Già un paio di anni fa erano stati pubblicati sul
New England Journal of Medicine i dati relativi all’
endpoint primario dello studio, la sopravvivenza libera da progressione di malattia (PFS), che avevano mostrato un vantaggio di osimertinib rispetto ai controlli (trattati con gefitinib o erlotinib). I risultati avevano evidenziato una durata mediana della risposta di 17,2 mesi con osimertinib contro gli 8,5 mesi ottenuti dagli EGFR-TKI di vecchia generazione. Adesso che sono arrivati ‘a maturazione’ i dati sulla sopravvivenza, viene confermato il vantaggio di osimertinib rispetto agli altri farmaci della classe: a tre anni dall’inizio del trattamento risulta ancora vivo il 54% dei pazienti trattati con osimertinib, contro il 44% di quelli trattati con inibitori di vecchia generazione.
I dati sulla sopravvivenza complessiva (OS) dunque non solo confermano il vantaggio di osimertinib rispetto ai vecchi EGFR-TKI, ma sanciscono un nuovo record. “E’ la prima volta – commenta il professor
Filippo de Marinis, responsabile dell’Oncologia Toracica dello IEO di Milano – che si osserva un vantaggio sulla sopravvivenza in questa tipologia di pazienti. In particolare, i soggetti trattati con osimertinib presentano una sopravvivenza mediana di 38,6 mesi, contro i 31,8 mesi di quelli trattati con la vecchia generazione di questa classe di farmaci. Il che, tradotto in percentuale, significa che osimertinib offre ai pazienti il 21% in più di sopravvivenza rispetto agli inibitori di prima generazione. Un vantaggio netto di 8 mesi tra i due gruppi di trattamento, nonostante il fatto che alla progressione di malattia, il 31% dei pazienti trattati con i vecchi EGFR-TKI, avessero fossero ‘crossati’ al trattamento con osimertinib.
Va aggiunto anche che questo farmaco diffonde molto meglio a livello cerebrale; ciò significa che ritarda la comparsa di metastasi cerebrali e ne ritarda la progressione in chi ne è già portatore (circa il 30% dei pazienti con questa forma tumorale presenta metastasi cerebrali alla diagnosi).”

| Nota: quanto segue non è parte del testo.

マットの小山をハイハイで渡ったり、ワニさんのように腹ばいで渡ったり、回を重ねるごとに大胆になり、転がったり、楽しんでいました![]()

Ma i vantaggi del nuovo farmaco non si esauriscono qui. “I vecchi EGFR-TKI sono gravati da maggior effetti collaterali. Con osimertinib risultano molto ridotti il
rash cutaneo e la tossicità gastro-intestinale (diarrea); i pazienti trattati con il nuovo farmaco inoltre non presentano la paronichia, un effetto indesiderato invalidante, che colpisce le dita delle mani e dei piedi con i farmaci di vecchia generazione”.

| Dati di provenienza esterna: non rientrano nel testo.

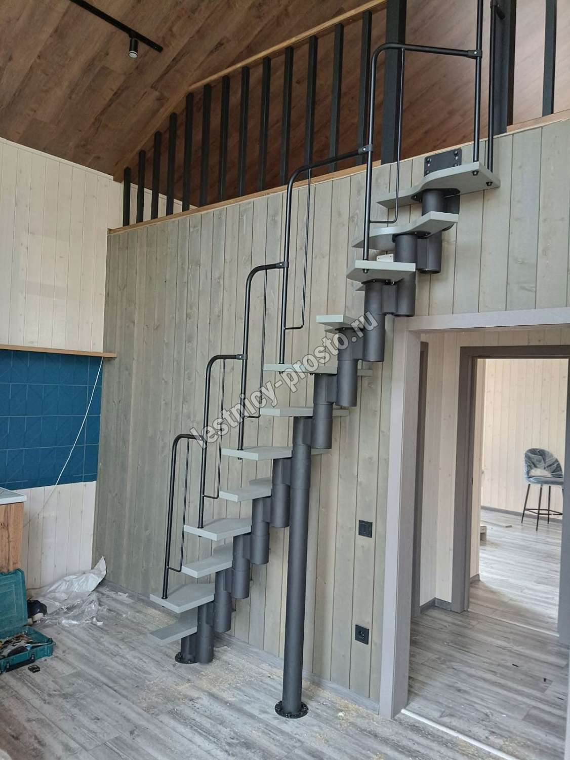 Лестница Prosto Urban Black гусиный шаг 700 мм, h234-336 см (13 ступеней), дуб

Osinertinib è stato già inserito da un anno nelle linee guida dell’ASCO (
American Society of Clinical Oncology) come prima linea di trattamento per i pazienti con tumore polmonare non a piccole cellule EGFR-mutati; in Italia è disponibile per i pazienti in prima linea solo in CNN (l’ospedale può cioè comprare il farmaco dall’azienda al prezzo ‘politico’ di 1 euro, ma non è ancora previsto il rimborso AIFA in prima linea). Il farmaco è rimborsato per ora solo in seconda linea, per i pazienti progrediti dopo trattamento con gli EGFR-TKI di vecchia generazione e nuovamente sottoposti a biopsia che abbia dimostrato la comparsa della mutazione di resistenza T790M. “Analizzando la realtà italiana – incalza il professor de Marinis – questa terapia è ad oggi disponibile per non più del 40% dei pazienti con tumore del polmone e mutazione EGFR, che nel nostro Paese sono circa 2.200 l’anno; a tutti gli altri viene negato un farmaco che può dare 4 anni di sopravvivenza. Ci auguriamo che i risultati di sopravvivenza di questo studio facciamo modificare presto le indicazioni”.